FIG. 1 is a flow chart of task execution of the present invention;
fig. 2 is a flowchart of an image transformation method based on generative countermeasure network and cyclic consistency loss according to an embodiment of the present invention.
Detailed Description
In order to make the objects, technical solutions and advantages of the embodiments of the present invention clearer, the technical solutions in the embodiments of the present invention will be clearly and completely described below with reference to the drawings in the embodiments of the present invention, and it is obvious that the described embodiments are some, but not all, embodiments of the present invention.
Examples
The problem of insufficient data sample size is a common problem in the process of acquiring a medical image data set, and is specifically represented as follows: the number of lesion information-containing samples in the data set is far from the number of healthy samples; the number of samples in a certain modality is not equal to the number of samples in the other modalities, and the number of data samples with obvious lesion information is too small. If the data set or the algorithm is not improved correspondingly, the classification training is directly carried out, and as a result, a small number of types of sample data cannot be paid sufficient attention, and in a severe case, the sample data can be even ignored as noise by a classifier, so that the classification result is seriously biased.
Under such a background, how to perform data expansion on data samples with small sample size in a medical image data set and obtain an ideal result in a classifier becomes a problem requiring deep research. The problems that the medical image data volume is unbalanced and the focus sample data volume is small mainly include two major optimization methods: (1) changing the original distribution of the data set, and performing down sampling on most types of samples, or performing over sampling on few types of samples, or combining the two to balance the number of different types of the data set as much as possible; (2) and optimizing the classifier, such as improving the weight of the classifier on a few classes of samples during training, so that the classifier is fully paid attention.
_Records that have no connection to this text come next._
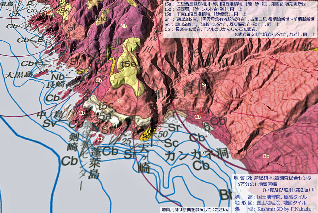 ![]() ![]() 25万分の1地質図幅『戸賀及び船川(第2版)』(出典,下記) |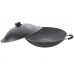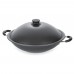 Panela wok com revestimento interno e externo em antiaderente Starflon, devido ao revestimento antiaderente os alimentos não grudam, proporcionando facilidade na limpeza. Possui tampa de alumínio. Proporciona um cozimento rápido e uniforme. Pode ser utilizada no fogão a gás, elétrico e vitrocerâmico e pode ir à máquina de lavar louças.
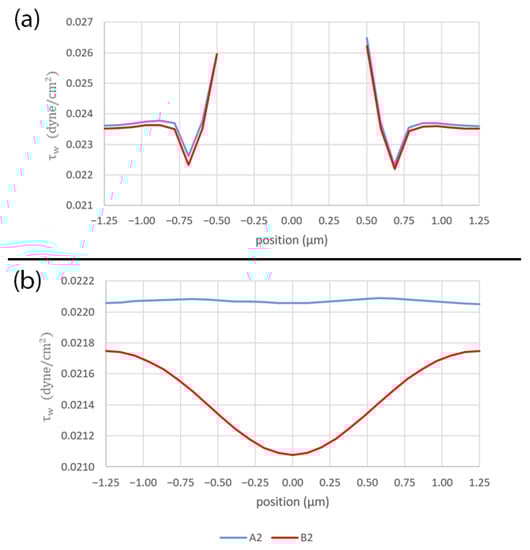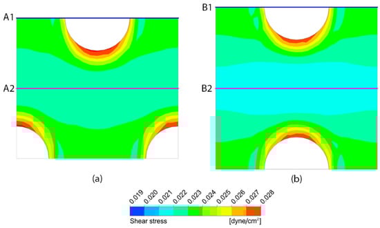 Figure 15 shows the shear stress profiles along the flow paths: (a) across the pore (A1 and B1 lines in Figure 14) and (b) between the pores (A2 and B2 lines in Figure 14). Across the pore, the shear stress profiles are almost identical for both pattern layouts, as shown in Figure 15a. However, in the middle region between the pores, although the contour has a wavy pattern in case of the staggered pattern layout, the shear stress profile is almost constant along the A2 line at 0.022070 dyne/cm2. On the contrary, although the contour seems to suggest a linear profile, it has a stronger variation along the B2 line with the amplitude of ±0.000336 and the mean of 0.021433 dyne/cm2 in case of the in-line pattern layout, as shown in Figure 15b.

Many studies and experiments show that the accuracy of the classification result is improved well by the two methods.
The embodiment starts from the idea of changing the original distribution of the data set, utilizes the connection and difference between the data of different modes in the original data set and the advantages of a generative confrontation network to grasp the same parts between the data of different modes, analyzes the difference parts, manufactures the artificial data expansion data set, and improves the accuracy of the classifier.
As can be seen from fig. 1, the classification method includes:
step 1: acquiring a medical image data set S of an initial version;
in this step, the class Imbalance Ratio (IR) represents the severity of imbalance between the number of samples in different classes, which is defined as the ratio of the number of samples in the majority class to the number of samples in the minority class. For the example of two classification problems, the class imbalance ratio of the training data set S should be in the range of 100: 1-2: 1.
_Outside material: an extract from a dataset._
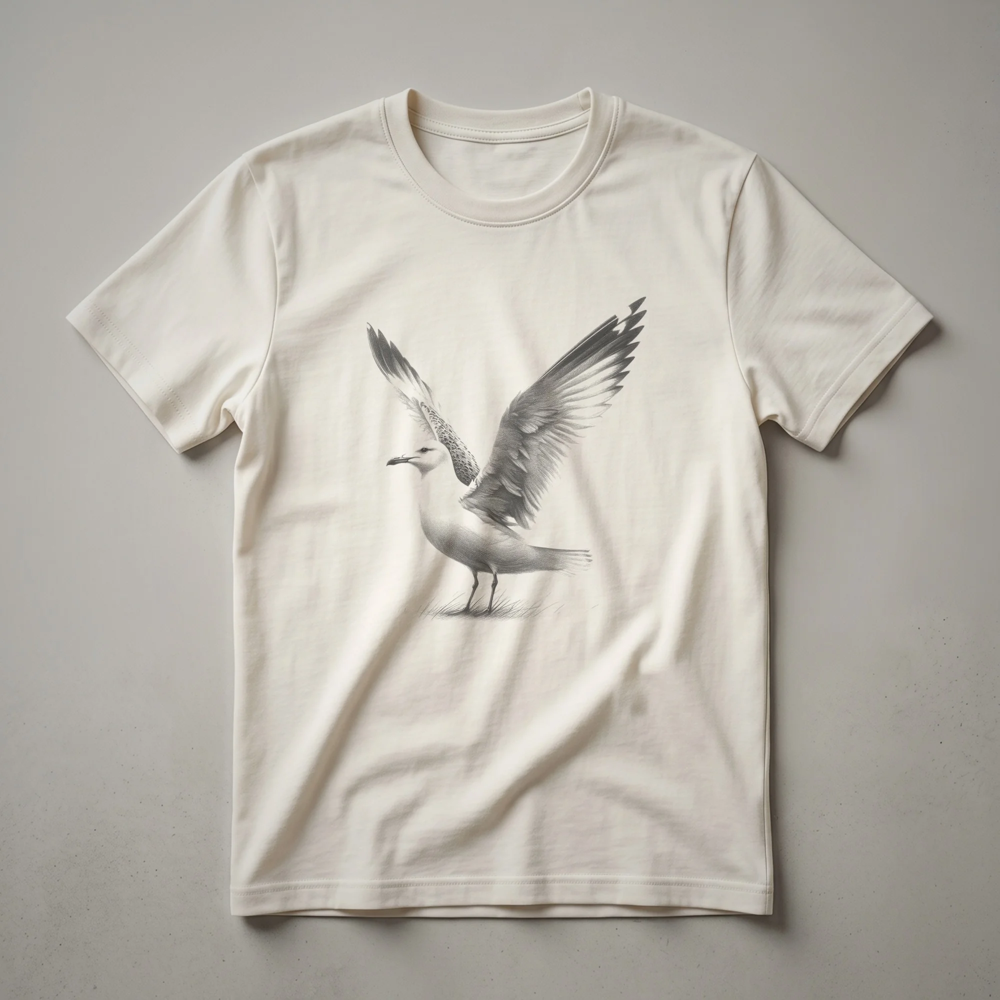 Seagulls, often found near coastlines and open water, are a common sight for many who enjoy the outdoors. This vintage-inspired graphic tee features a detailed sketch of a seagull in mid-flight, its wings spread wide as if soaring on the breeze. The line-art style evokes a classic, artistic feel, making this shirt a standout piece for any bird enthusiast. Seagulls are known for their adaptability and intelligence, often seen scavenging or fishing along beaches and harbors. This t-shirt is a wonderful way for birdwatchers, nature lovers, or anyone who appreciates the beauty of coastal wildlife to express their passion. It makes a thoughtful gift for someone who enjoys hiking, birdwatching, or simply loves the aesthetic of vintage wildlife illustrations. Wear this unique shirt to your next nature walk or casual outing and let your appreciation for these fascinating birds take flight. This apparel is a staple for anyone drawn to the natural world.

Step 2: screening samples S + of different modes from the S;
in the step, if the S + contains different types, samples of all types are extracted, and the steps 3, 4 and 5 are independently carried out;
and step 3: data samples with lesion information S1 and data samples without lesion information S2 are distinguished in S +. The specific method comprises the following steps: when the data set is preprocessed, marking the data in advance, distinguishing data samples of different modes, selecting the data sample containing focus information as an object for neural network learning S1, and selecting the data sample without the focus information as initial input data S2;
and 4, step 4: training a cycleGAN by taking a data sample S1 containing focus information and a data sample S2 containing no focus information as a pair of inputs to obtain an artificial sample S x;
cyclic GAN (cyclic-coherent adaptive Networks, periodic coherent Generative Networks) is a derivative model based on GAN (Generative adaptive Networks).
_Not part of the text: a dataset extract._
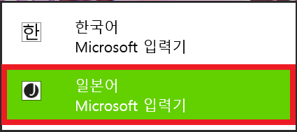 윈도우키 + 스페이스바 를 누르면 언어 전환을 할 수 있습니다. 윈도우키를 누른 상태에서 스페이스바를 누르면 전환이 가능하다는 뜻입니다. 현재 등록된 언어는 한국어와 일본어 이므로 '한국어 - 일본어' 간 전환이 가능합니다. 한국어에서 일본어로 전환해줍니다.

GAN is an unsupervised learning method proposed by Ian Goodfellow et al in 2014, which learns by letting two neural networks game each other. The GAN consists of a generation network and a discrimination network. The generation network takes as input a random sampling from the underlying space, and its output needs to mimic as much as possible the real samples in the training set. The input of the discrimination network is the real sample or the output of the generation network, and the purpose is to distinguish the output of the generation network from the real sample as much as possible. The generation network should cheat the discrimination network as much as possible. The two networks resist each other and continuously adjust parameters, and the final purpose is to make the judgment network unable to judge whether the output result of the generated network is real or not.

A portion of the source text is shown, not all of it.